2. Implement a `Benchmark` subclass (see `core/registry.py`); compose with `core.clients.*`, `core.arms.*`, `core.parse.*`, `core.metrics.*`.
3. Call `register(MyBenchmark())` at the bottom of `<benchmark>/__init__.py`. Auto-discovery picks it up; `setup --suite <domain>` and `ingest/run <domain> <benchmark>` work immediately.

Each suite gets its own SearchSpace (`eval-<suite>-<UTC-ts>`), `state.json` slot, data dir, reports dir, and pinned LLM. Suites never share a SearchSpace.

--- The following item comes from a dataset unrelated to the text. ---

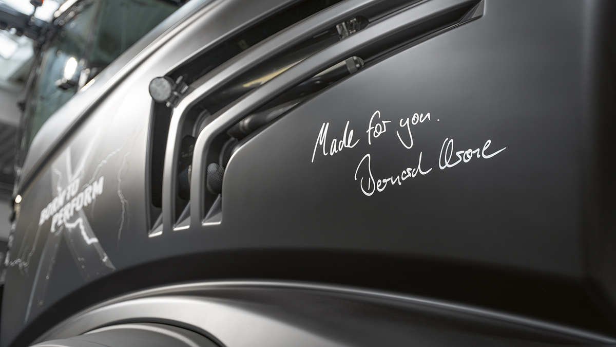 For 25 years, the name BiG X has stood for uncompromising performance and practical development. This anniversary model, which is also available in 1:32 scale, visibly translates this attitude into design and detail: The special matt black paintwork embodies technical sovereignty and deliberate understatement – a colour which does not have to be loud to show strength. The lettering "Born to perform", showcased with lightning-like accents, symbolises energy and determination. Bernard Krone's personal signature "Made for you" stands for responsibility, passion and authenticity. Together they form a promise which KRONE has been fulfilling for 25 years: Innovation by conviction.
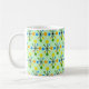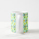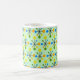 Diese Tasse ist mit einem modernen Design atomarer Sternexplosionen aus der Mitte des Jahrhunderts auf grünem Hintergrund bedeckt.

## Out of scope (follow-up PRs)

- Docker service for `docker compose run evals run medical medxpertqa`.
- Multi-model sweeps (one slug per `setup` for now; aggregate reports come later).
- A long-context-stuffing arm (give the model the same retrieved chunks SurfSense saw).
- LLM-judge grader for MMLongBench-Doc (paper uses GPT-4 as judge; we ship a deterministic rule-based grader).
- MedXpertQA-MM accuracy by image modality — dataset doesn't tag modality directly; we slice by `medical_task` and `body_system`.
- A `--slot <name>` flag that decouples the state-slot key from the benchmark registry's `suite` attribute, so parallel SearchSpaces with different ingestion settings can coexist on the same benchmark without `teardown` between A/B arms.

See `c:/Users/91882/.cursor/plans/medical_rag_evals_(mirage_+_curev1)_e797a324.plan.md` for the full design rationale.